Release Notes
Introduction
The National Structure Inventory (NSI) 2026 version is a significant update to the NSI base level dataset and is the first update to the base layer since the release of the 2022 version.
The purpose of the NSI databases is to facilitate storage and sharing of point-based structure inventories used in the assessment and analysis of consequences of natural and technological hazards. Flood risk analysis is the primary usage, but sufficient data exists on each structure to compute damages and life safety risk due to other hazard types. The updated NSI includes several important features that enhance the accuracy of previously available fields while also offering new fields. Notable examples of improvements include:
- New Fields. Several new fields related to vehicle availability, the structures’ full non-depreciated replacement cost, building height, and the Census’s Community Resilience Estimate for each structure’s Census tract.
- Improved estimates of existing fields.

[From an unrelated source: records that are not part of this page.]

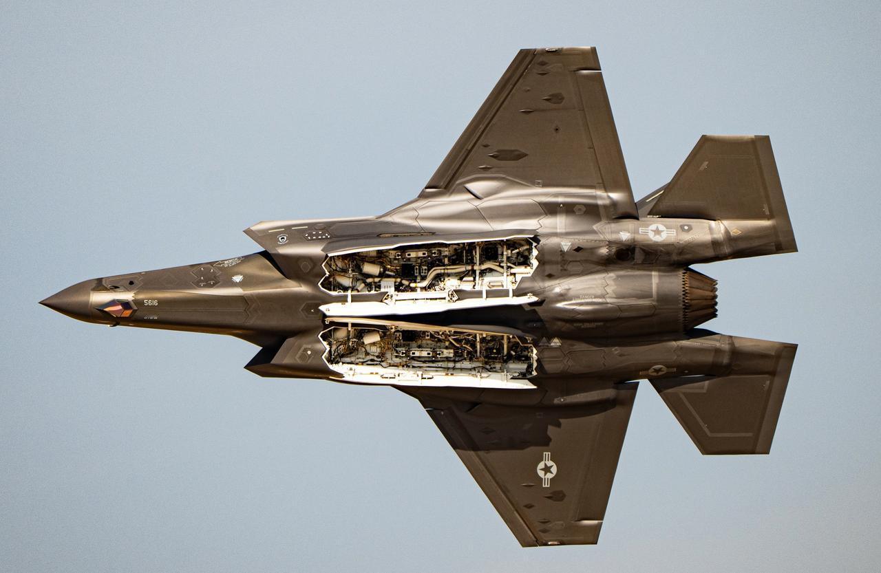 阿联酋迪拜马克图姆国际机场上空 · 隶属于犹他州希尔空军基地第388战斗机联队的一架F-35A闪电II在迪拜航展现场进行飞行表演
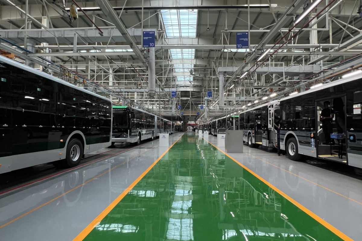 Das três linhas de montagem – que empregam tecnologia de ponta para a indústria e os responsáveis da Yutong não receiam referir que alguma é de origem alemã –, sai um autocarro a cada 45 minutos e durante as 7,4 horas de trabalho são produzidos 32 veículos, que podem ter entre 12 e 18 metros de comprimento.
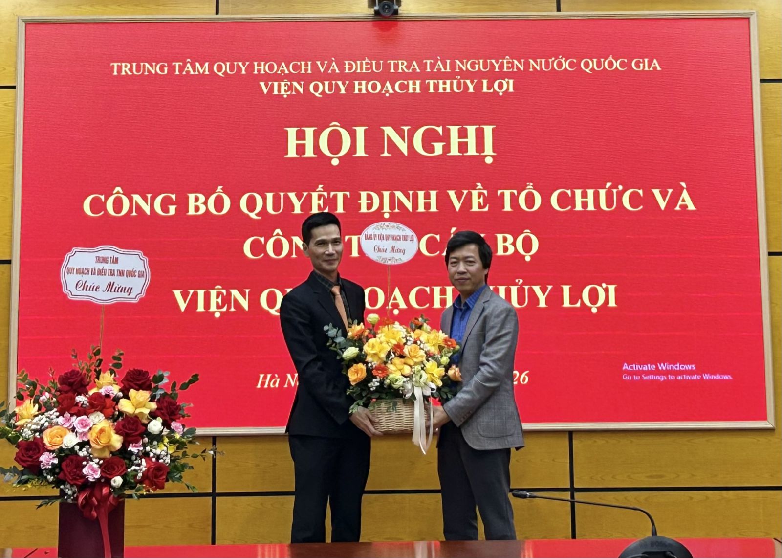 Tổng Giám đốc Trung tâm Quy hoạch và Tài nguyên nước Quốc gia La Đức Dũng trao Quyết định và tặng hoa chúc mừng Viện trưởng Lương Ngọc Chung
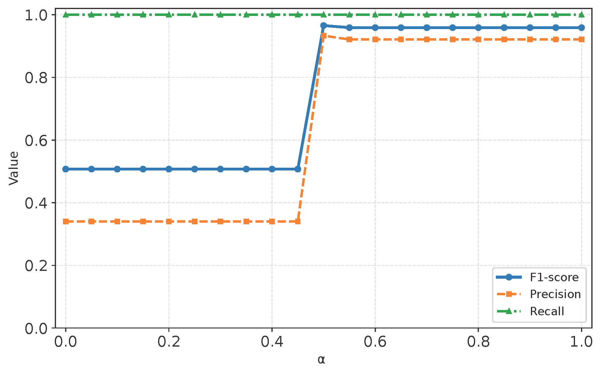 - Validation and Hyperparameter Optimization. The validation set is used to optimize key model hyperparameters, such as training epochs, loss function weighting factors, etc. The core goal is to find a set of hyperparameters that achieve the best model performance on the validation data (e.g., maximizing F1-score). Based on this, a final discrimination threshold F is determined to distinguish between attack and genuine users. The detailed calculation of this threshold F will be described in Section 3.2.5.
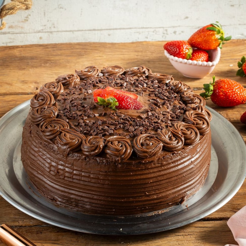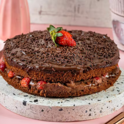 Feito pra comemorar em grande estilo! Massa fofinha de chocolate, recheio cremoso de brigadeiro caseiro e pedaços de morango fresco espalhados em cada camada. Pesando 2,8kg, é o bolo ideal pra dividir com a família, os amigos — ou guardar só pra você! Coberto com muito brigadeiro e carinho, ele é o destaque da mesa e o primeiro a acabar!
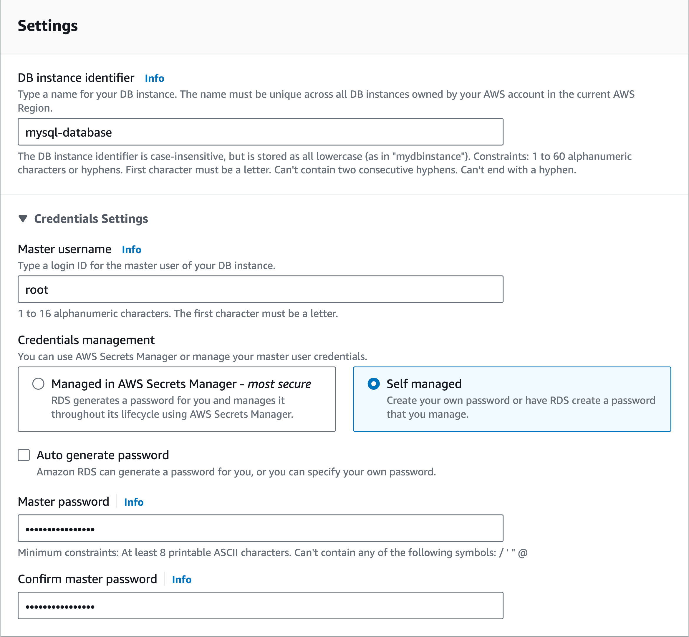 Now we need to provide a name for our database and set up the username and password that will be used to connect to the database. In my case, I set the name as root
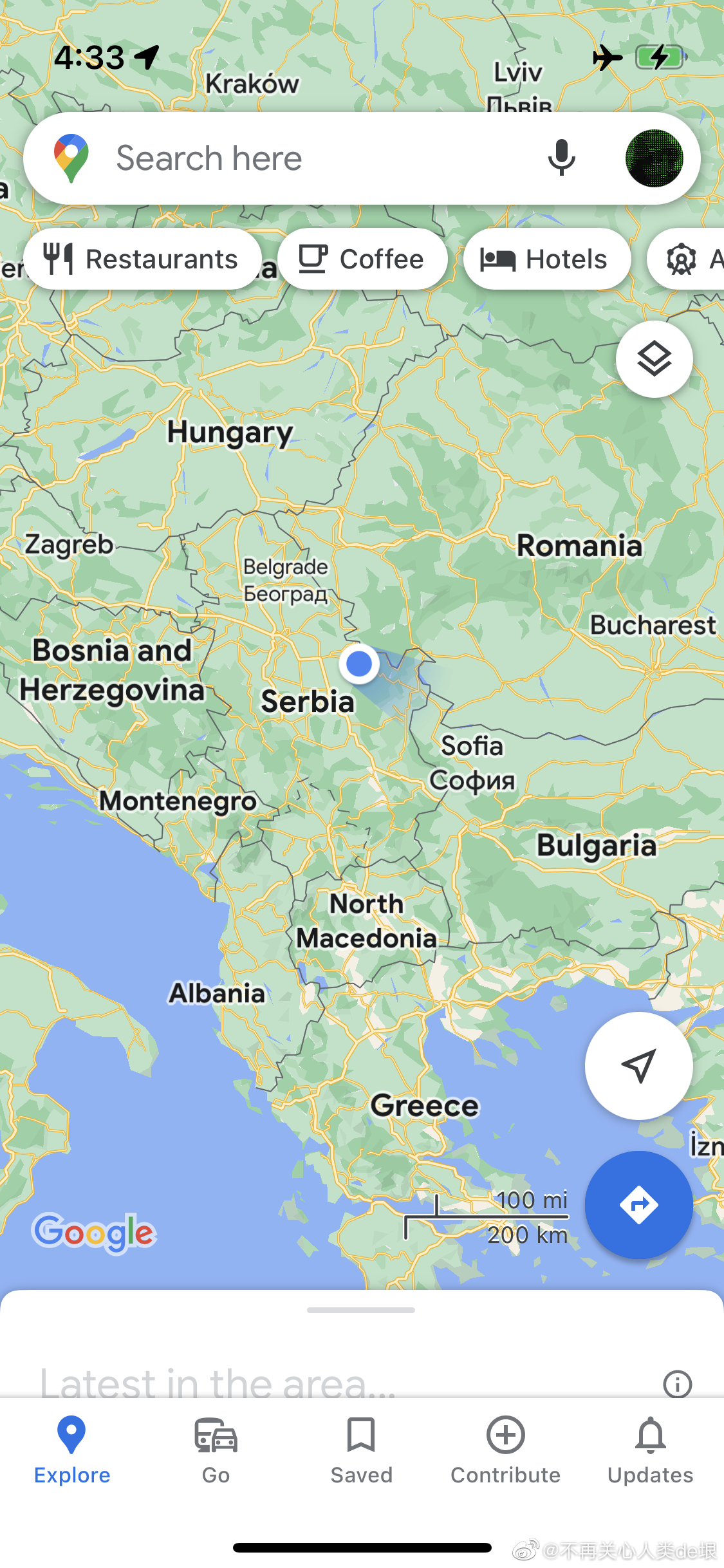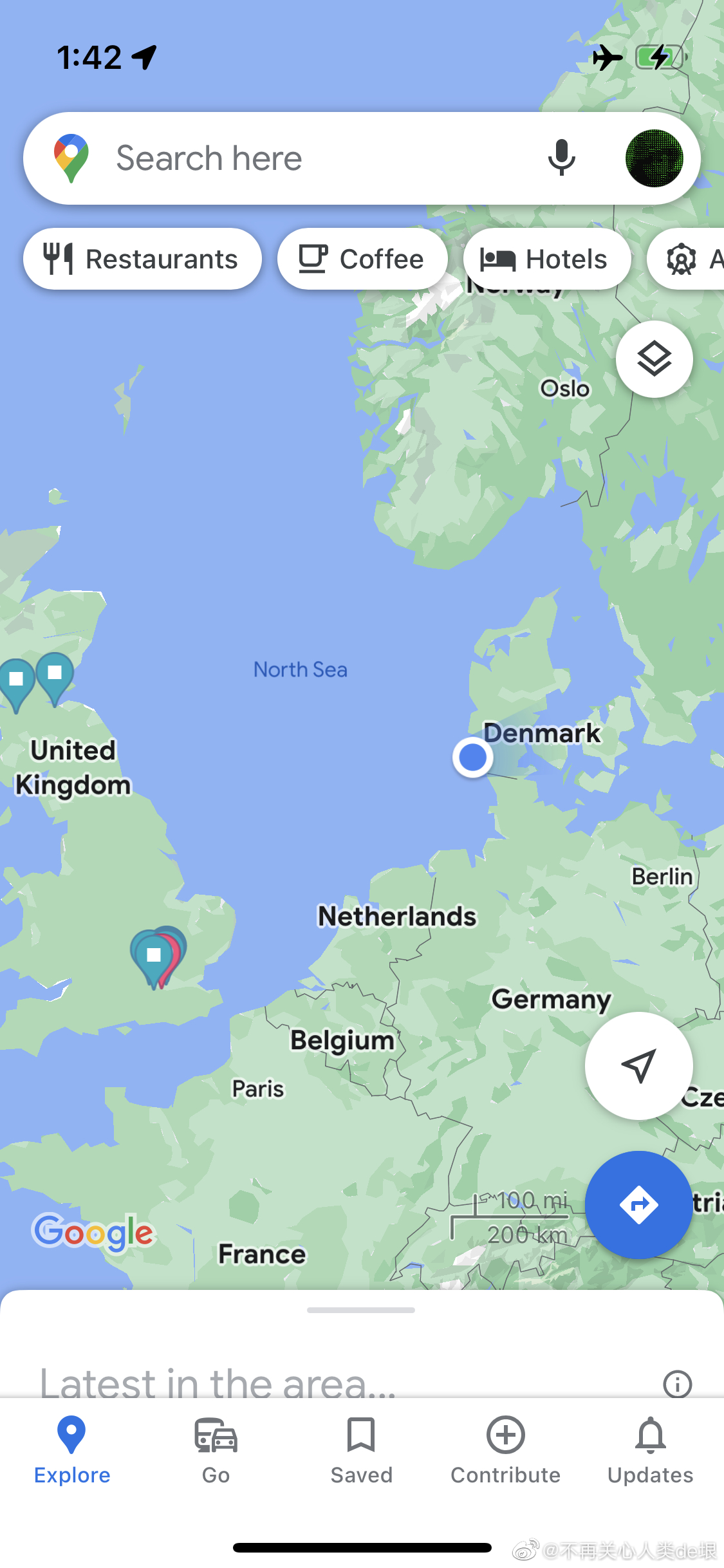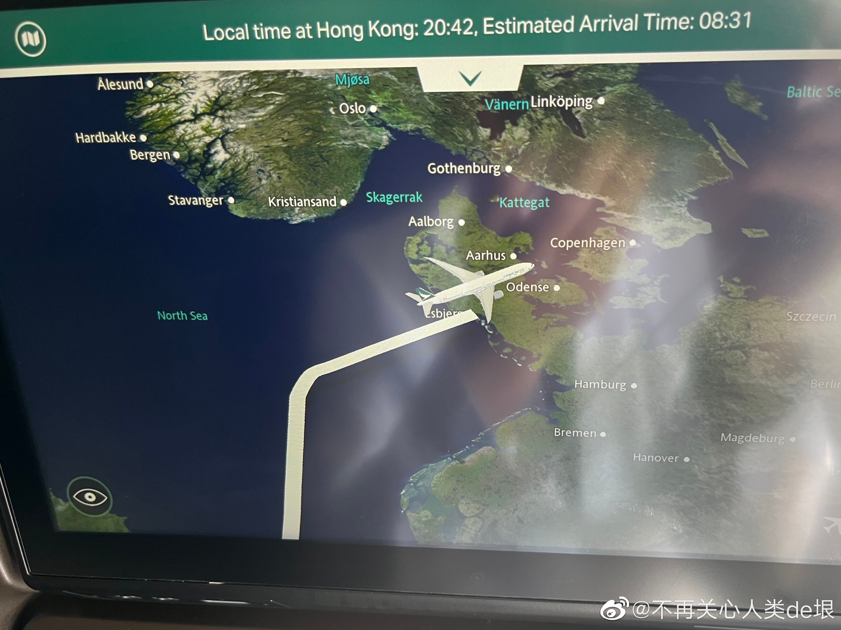 然而坐上飞机,到了丹麦上空的时候,我拿出手机(飞行模式),打开 Google 地图,居然发现它能定位,显示的位置跟飞机显示屏上的航线图显示的一样(图 1,2)。我没有使用机内的 wifi,这地图是 Google 地图之前缓存下来的,只有大框架,没有细节,但足够知道大概位置。后来我又试了几次,位置在持续更新,跟飞机的屏幕显示的位置一样,所以这应该不是我的错觉(图 3)。
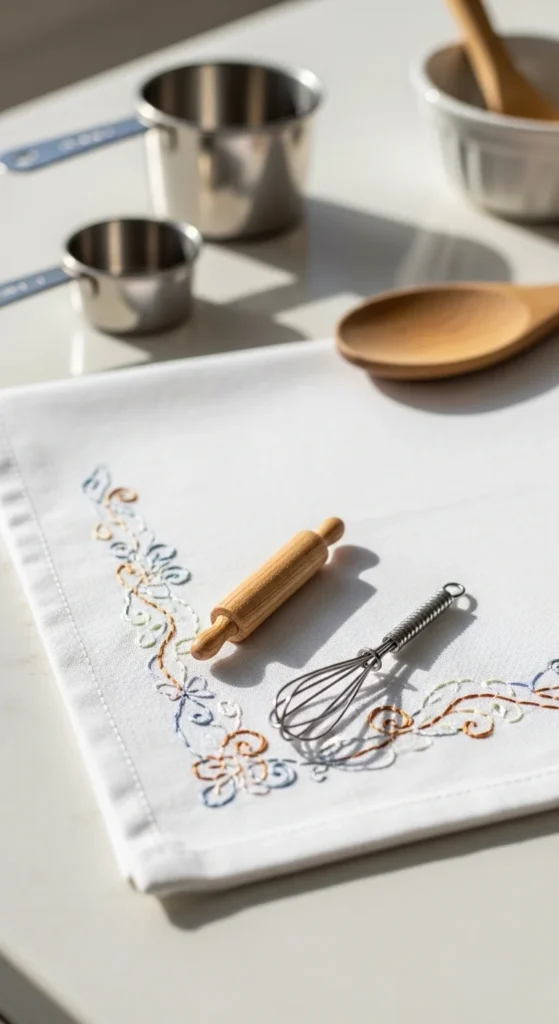 Baking-themed kitchen towels are a fun embroidery project for people who love homemade gifts and cozy kitchen decor. A plain white or beige towel becomes much more charming with a tiny whisk, rolling pin, cupcake, pie slice, or stitched loaf of bread in one corner. These little motifs are easy to simplify, so you do not need advanced embroidery skills to make them recognizable. This project works especially well for gift sets. Pair one embroidered towel with a wooden spoon, cookie mix, or loaf pan and you have a thoughtful handmade present. Cotton towels are easy to find at low prices, and thrifted linens can work too if they are clean and smooth. Choose one motif per towel to keep the design tidy and easier to finish. You can also stitch a short baking phrase as initials or a tiny family name if you want a more personal touch, though even one small icon looks lovely. Practical embroidery projects like this feel satisfying because they get used instead of stored away. It is a nice way to add handmade warmth to the kitchen without spending much money or taking on a huge project.

New datasets from HIFLD and other sources have been used to increase accuracy of population estimates of college campuses, prisons, and hotels. Updates have also been made to fields such as depreciated structure value, number of stories, and building material.
- Updated Data Vintage. Other key datasets saw their own version updates, including parcel data, businesses databases, and decennial and ACS Census data.
- Updated Error Handlers. Numerous quality control checks have been added to improve the identification and removal of erroneous input data; this includes duplicate residential unit counts, implausible square footage estimates, and the false positive reporting of buildings from source datasets.
User Resources
The NSI-2026 is live through our API alongside numerous user guides, technical documentation and other resources:
Other resources, such as a detailed technical report and user videos, are intended to be created and made available to users soon.
NSI Download Tool
The NSI download tool is being updated to use the 2026 data and will be released after testing. In the mean time the current download tool still serves 2022 data. Leverage the API or use the LSRI, DST, LST, or LifeSim to download inventories with the 2026 data until the Download Tool is updated.
Major Changes from 2022
Population Modeling
Census Tract Primacy
Previous versions of the NSI included a wide variety of Census data inputs, including block level populations estimates and county level estimates of fields such as disability rates. With the release of NSI-2026, most fields are now based on tract level data. The NSI team believes that this resolution provides the greatest compromise between the benefits of spatial resolution while minimizing the random influence of large margins of error caused by small sample sizes.
This change was also partially necessitated by updates to block level estimates due to the Census’s differential privacy methodology. Census products would, on rare occasions, appear to concentrate populations in locations without structures or, in the LEHD, report that workers are in neighboring census blocks to the large employer’s true location. The switch to tract-based population pools reduces the likelihood of erroneous data in residential and commercial populations estimates being concentrated in small neighboring structures.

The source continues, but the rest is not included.